**Provided material:**
####################

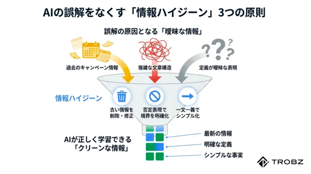 これを防ぐためには、定期的にサイト内の情報を掃除する「データハイジーン(情報の衛生管理)」が必要です。サイト内に矛盾する情報(新旧の価格、新旧の住所など)が存在しない状態を作ることが重要です。
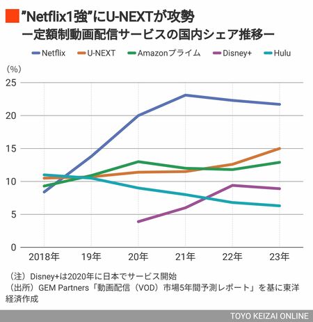 国内の動画配信サービス市場でシェア2位の「U-NEXT」が会員数を大幅に伸ばし、首位のNetflix(ネットフリックス)を猛追している。
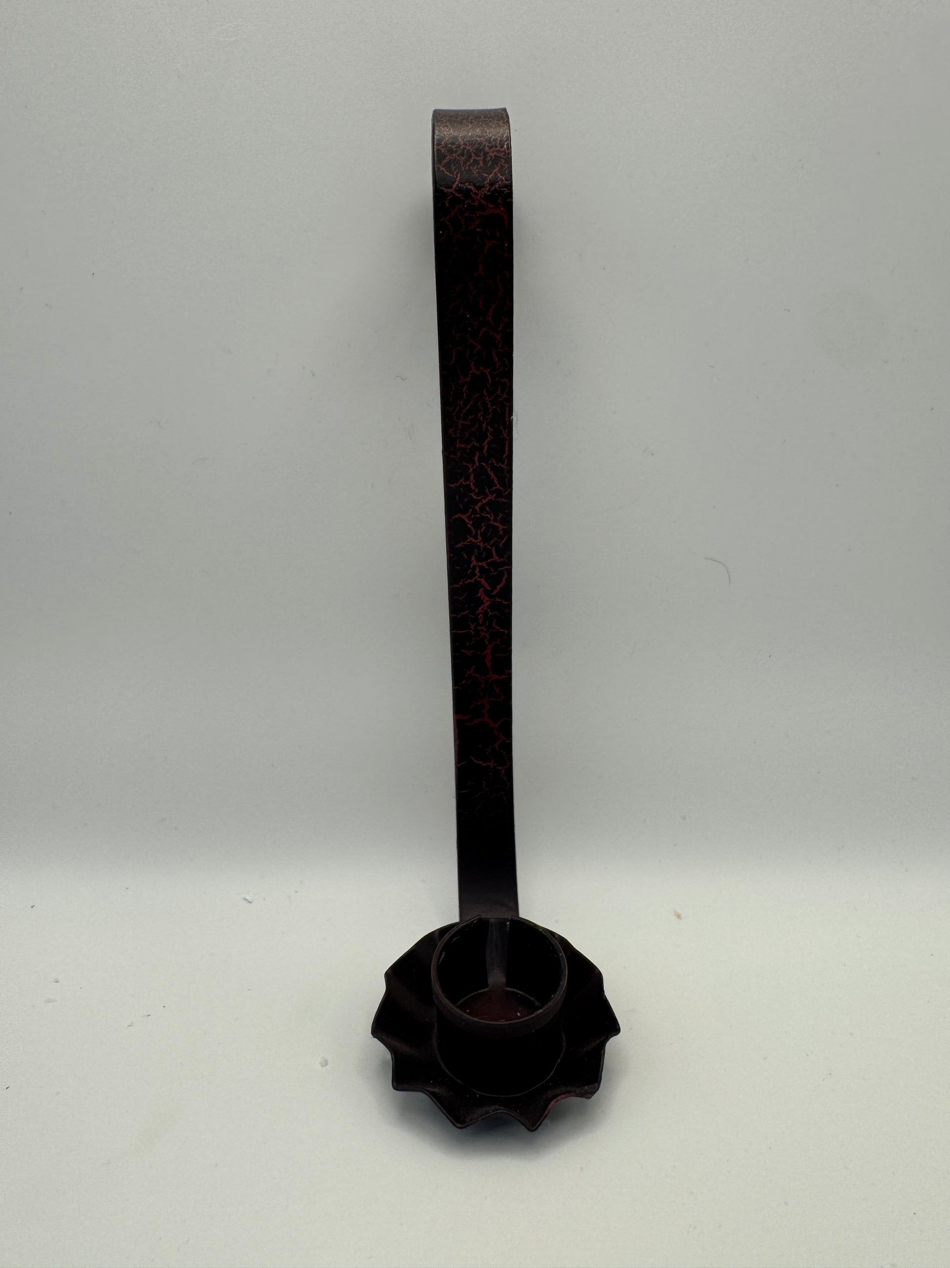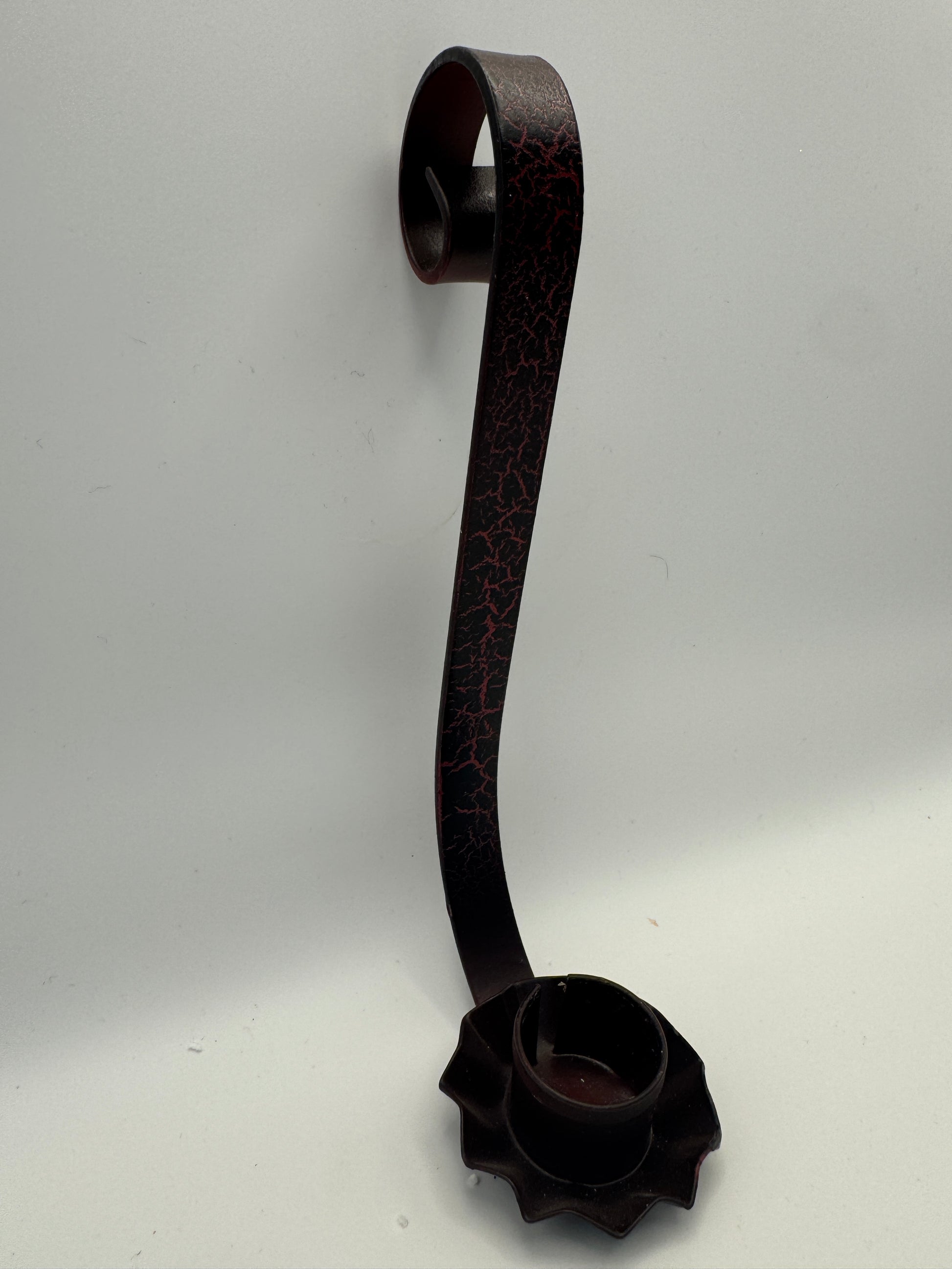 Add timeless elegance and warm ambiance to your space with this Wrought Iron Wall Sconce Candle Holder. Crafted from durable metal with a distressed, crackle-finish in deep red and black tones, this decorative piece combines rustic charm with classic scrollwork design.

####################

**Work instructions:** Output the data above exactly. Drop every picture.

**Completed task:**
 これを防ぐためには、定期的にサイト内の情報を掃除する「データハイジーン(情報の衛生管理)」が必要です。サイト内に矛盾する情報(新旧の価格、新旧の住所など)が存在しない状態を作ることが重要です。
 国内の動画配信サービス市場でシェア2位の「U-NEXT」が会員数を大幅に伸ばし、首位のNetflix(ネットフリックス)を猛追している。
 Add timeless elegance and warm ambiance to your space with this Wrought Iron Wall Sconce Candle Holder. Crafted from durable metal with a distressed, crackle-finish in deep red and black tones, this decorative piece combines rustic charm with classic scrollwork design.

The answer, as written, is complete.